▶ **Exercise instructions**: The pictures are to be omitted when the entries are reproduced exactly.

Excerpts from a dataset

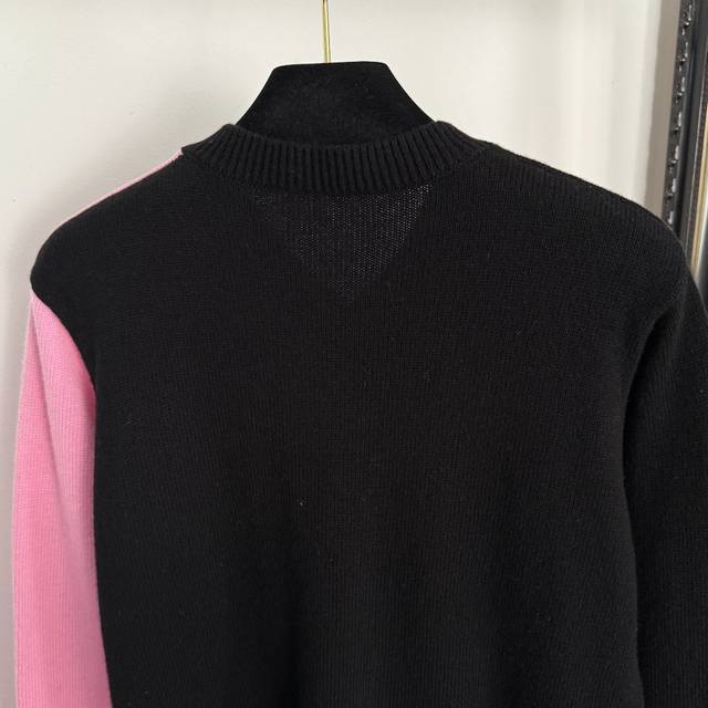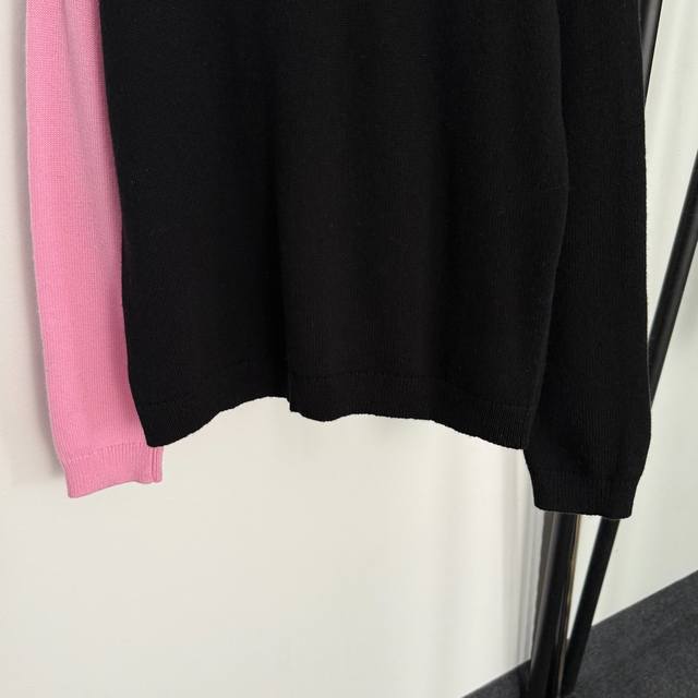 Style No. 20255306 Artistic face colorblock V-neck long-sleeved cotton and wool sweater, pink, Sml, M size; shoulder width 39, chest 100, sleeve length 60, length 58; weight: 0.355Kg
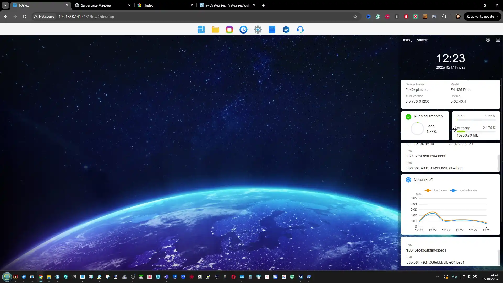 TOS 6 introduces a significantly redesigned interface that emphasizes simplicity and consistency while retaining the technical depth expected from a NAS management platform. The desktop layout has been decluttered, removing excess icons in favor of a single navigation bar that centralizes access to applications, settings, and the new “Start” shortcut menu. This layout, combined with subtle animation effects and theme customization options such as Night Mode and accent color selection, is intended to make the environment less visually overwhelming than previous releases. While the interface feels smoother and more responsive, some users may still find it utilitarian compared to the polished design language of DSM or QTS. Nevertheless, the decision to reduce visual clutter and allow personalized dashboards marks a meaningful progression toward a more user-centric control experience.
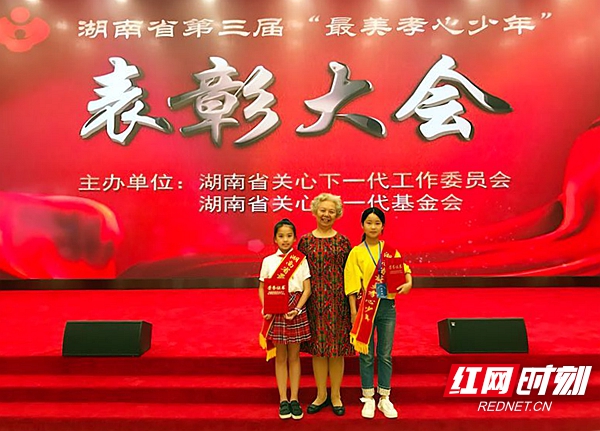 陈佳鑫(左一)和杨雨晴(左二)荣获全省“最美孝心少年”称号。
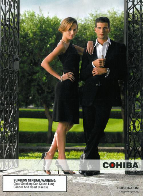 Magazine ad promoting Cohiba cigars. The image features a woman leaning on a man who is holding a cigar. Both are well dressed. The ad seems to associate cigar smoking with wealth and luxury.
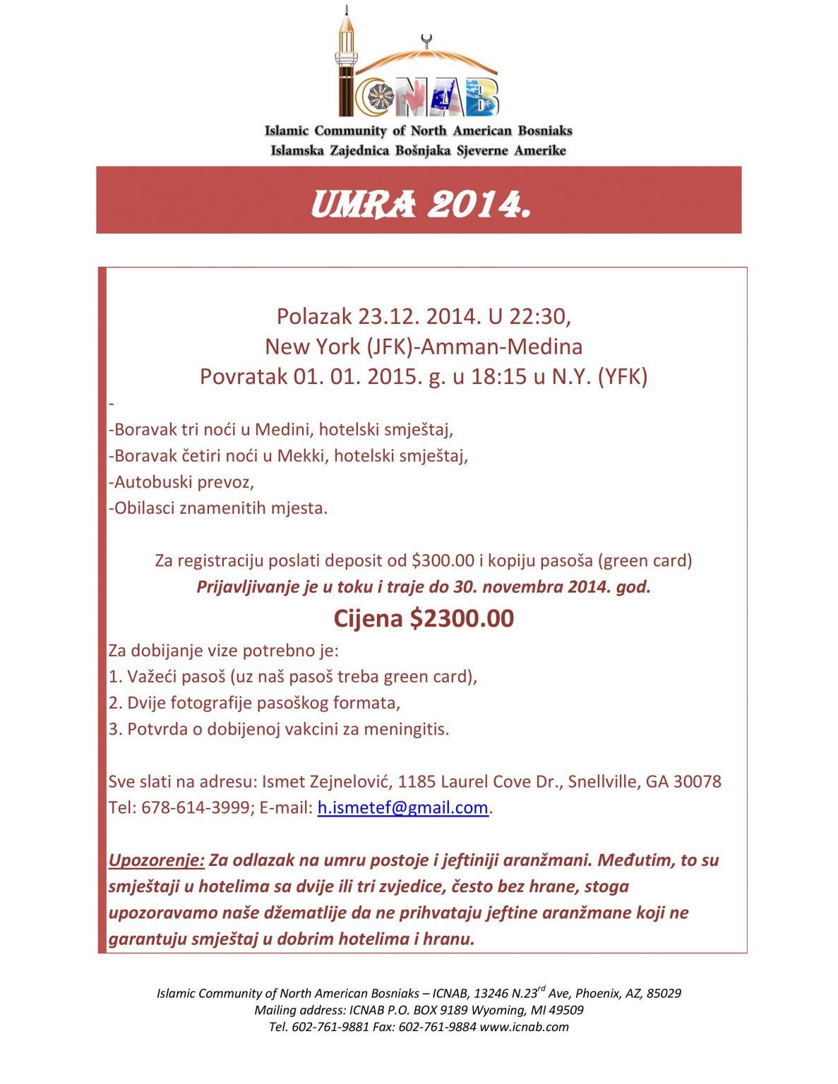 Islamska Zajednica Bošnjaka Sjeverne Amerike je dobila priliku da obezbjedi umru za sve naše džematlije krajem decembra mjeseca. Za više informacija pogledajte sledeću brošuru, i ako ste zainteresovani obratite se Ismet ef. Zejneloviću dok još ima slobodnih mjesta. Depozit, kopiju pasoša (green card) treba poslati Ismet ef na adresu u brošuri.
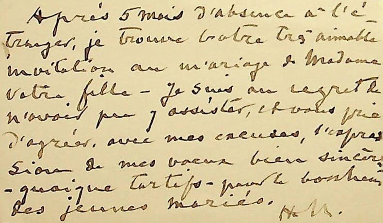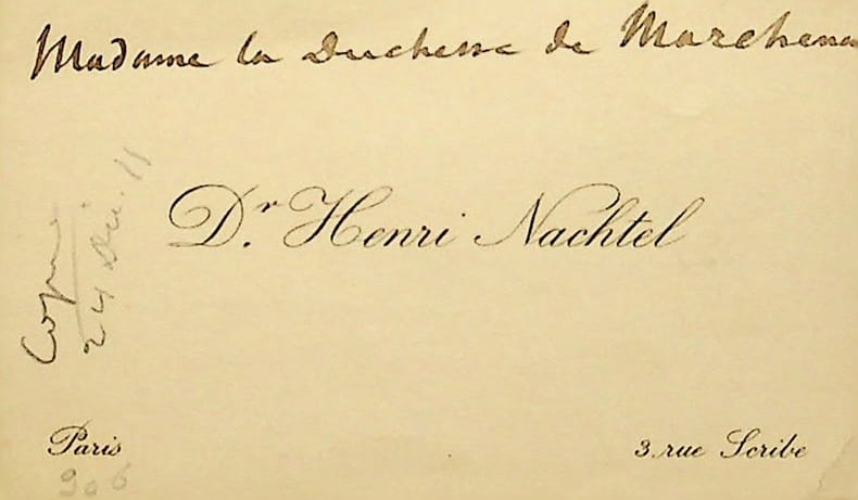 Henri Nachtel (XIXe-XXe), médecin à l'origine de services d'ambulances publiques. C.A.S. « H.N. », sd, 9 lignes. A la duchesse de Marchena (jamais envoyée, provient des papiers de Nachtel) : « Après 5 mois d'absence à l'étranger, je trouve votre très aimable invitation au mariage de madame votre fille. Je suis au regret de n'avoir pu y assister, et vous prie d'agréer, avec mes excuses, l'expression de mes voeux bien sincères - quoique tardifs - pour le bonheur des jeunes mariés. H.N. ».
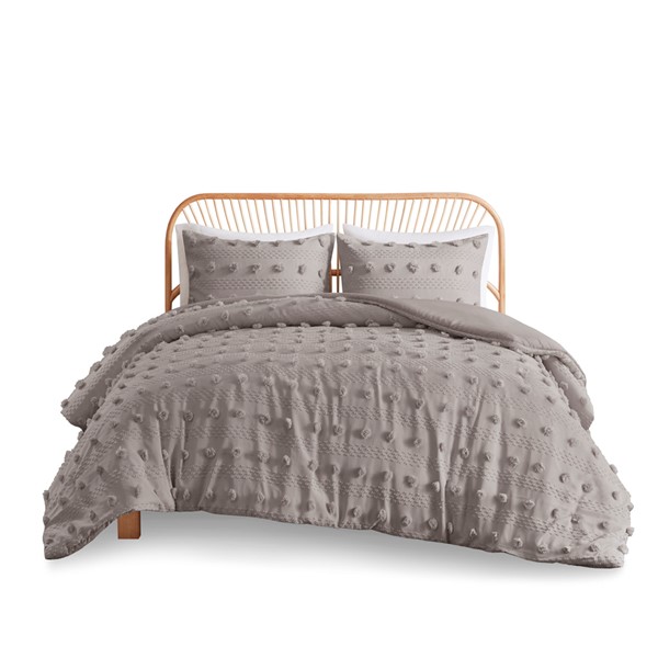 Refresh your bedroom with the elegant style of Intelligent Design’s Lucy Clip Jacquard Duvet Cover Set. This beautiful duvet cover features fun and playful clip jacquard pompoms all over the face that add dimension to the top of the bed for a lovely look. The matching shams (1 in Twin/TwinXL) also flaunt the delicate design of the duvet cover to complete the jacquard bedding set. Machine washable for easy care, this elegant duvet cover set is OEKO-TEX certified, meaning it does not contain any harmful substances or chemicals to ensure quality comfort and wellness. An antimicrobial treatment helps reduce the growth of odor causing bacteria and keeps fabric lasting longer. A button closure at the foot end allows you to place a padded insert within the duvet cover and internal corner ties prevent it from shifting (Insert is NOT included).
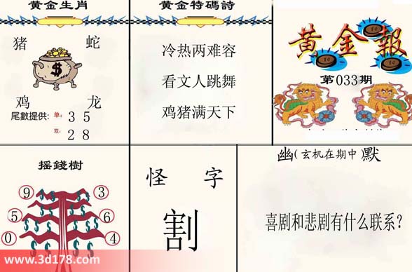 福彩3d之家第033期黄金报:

▶ **Answer section**:
 Style No. 20255306 Artistic face colorblock V-neck long-sleeved cotton and wool sweater, pink, Sml, M size; shoulder width 39, chest 100, sleeve length 60, length 58; weight: 0.355Kg
 TOS 6 introduces a significantly redesigned interface that emphasizes simplicity and consistency while retaining the technical depth expected from a NAS management platform. The desktop layout has been decluttered, removing excess icons in favor of a single navigation bar that centralizes access to applications, settings, and the new “Start” shortcut menu. This layout, combined with subtle animation effects and theme customization options such as Night Mode and accent color selection, is intended to make the environment less visually overwhelming than previous releases. While the interface feels smoother and more responsive, some users may still find it utilitarian compared to the polished design language of DSM or QTS. Nevertheless, the decision to reduce visual clutter and allow personalized dashboards marks a meaningful progression toward a more user-centric control experience.
 陈佳鑫(左一)和杨雨晴(左二)荣获全省“最美孝心少年”称号。
 Magazine ad promoting Cohiba cigars. The image features a woman leaning on a man who is holding a cigar. Both are well dressed. The ad seems to associate cigar smoking with wealth and luxury.
 Islamska Zajednica Bošnjaka Sjeverne Amerike je dobila priliku da obezbjedi umru za sve naše džematlije krajem decembra mjeseca. Za više informacija pogledajte sledeću brošuru, i ako ste zainteresovani obratite se Ismet ef. Zejneloviću dok još ima slobodnih mjesta. Depozit, kopiju pasoša (green card) treba poslati Ismet ef na adresu u brošuri.
 Henri Nachtel (XIXe-XXe), médecin à l'origine de services d'ambulances publiques. C.A.S. « H.N. », sd, 9 lignes. A la duchesse de Marchena (jamais envoyée, provient des papiers de Nachtel) : « Après 5 mois d'absence à l'étranger, je trouve votre très aimable invitation au mariage de madame votre fille. Je suis au regret de n'avoir pu y assister, et vous prie d'agréer, avec mes excuses, l'expression de mes voeux bien sincères - quoique tardifs - pour le bonheur des jeunes mariés. H.N. ».
 Refresh your bedroom with the elegant style of Intelligent Design’s Lucy Clip Jacquard Duvet Cover Set. This beautiful duvet cover features fun and playful clip jacquard pompoms all over the face that add dimension to the top of the bed for a lovely look. The matching shams (1 in Twin/TwinXL) also flaunt the delicate design of the duvet cover to complete the jacquard bedding set. Machine washable for easy care, this elegant duvet cover set is OEKO-TEX certified, meaning it does not contain any harmful substances or chemicals to ensure quality comfort and wellness. An antimicrobial treatment helps reduce the growth of odor causing bacteria and keeps fabric lasting longer. A button closure at the foot end allows you to place a padded insert within the duvet cover and internal corner ties prevent it from shifting (Insert is NOT included).
 福彩3d之家第033期黄金报:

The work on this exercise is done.